We also tried weight orthogonalization (Arditi et al. 2024) — permanently projecting the refusal direction out of every residual-writing matrix (attn_output ×16, ssm_out ×48, ffn_down ×64). On this qwen35 hybrid attention+SSM architecture it broke the model: output collapsed to degenerate repetition ("help.! help.. help.."), 21/30 outputs incoherent. Refusal dropped to 0 — but so did everything else.

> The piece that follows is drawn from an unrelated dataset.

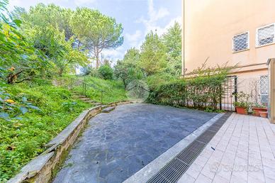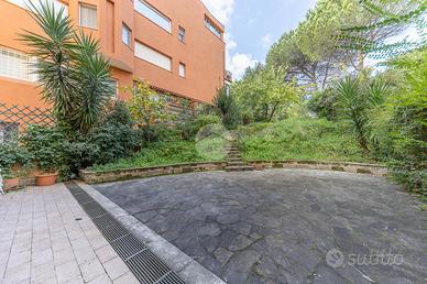 La TECNORETE Camilluccia/Cortina D'Ampezzo propone la vendita di un ampio appartamento con giardino di 270 mq, situato all'interno di un esclusivo comprensorio con servizio di portineria H24 e grandi spazi verdi.

We believe orthogonalizing the SSM output projections destabilizes the state-space recurrence (unlike pure-attention transformers, where baked-in orthogonalization usually preserves capability well). The script is included (eval/orthogonalize.py) for anyone who wants to investigate, but the runtime control vector is the working approach for this model. This is the main "need-to-know."

How the direction was extracted

Mean-difference of residual activations over paired prompts (48 pairs each):

refuse_positive.txt / comply_negative.txt — harmful asks that trigger vs. don't trigger refusal
harmful_positive.txt / harmless_negative.txt — content-matched harmful/harmless pairs

direction[L] = mean(act | refuses) − mean(act | complies), unit-normalized per layer. The cvector drops the final layer, so it carries 63 directions for the 64-layer model.

Reproduce

# Scale sweep (refusal-rate, fast):
bash eval/sweep_scales.sh
# Layer-band sweep at fixed scale:
bash eval/band_sweep.sh -1.5 "10 55 | 16 48 | 20 40 | 26 45 | 30 50"
# Capability + refusal compare against a running llama-server:
python3 eval/compare.py --url http://127.0.0.1:8099 --tag mytest --mode both

Attribution & license

Base model: Mia-AiLab/Qwable-3.6-27b (Qwen3.6-27B finetune). Respect its license and the upstream Qwen license.
This control vector is a derived artifact for research. Provided as-is, no warranty.
Method references: Arditi et al., "Refusal in LLMs is mediated by a single direction" (2024); representation-engineering / control-vector tooling in llama.cpp.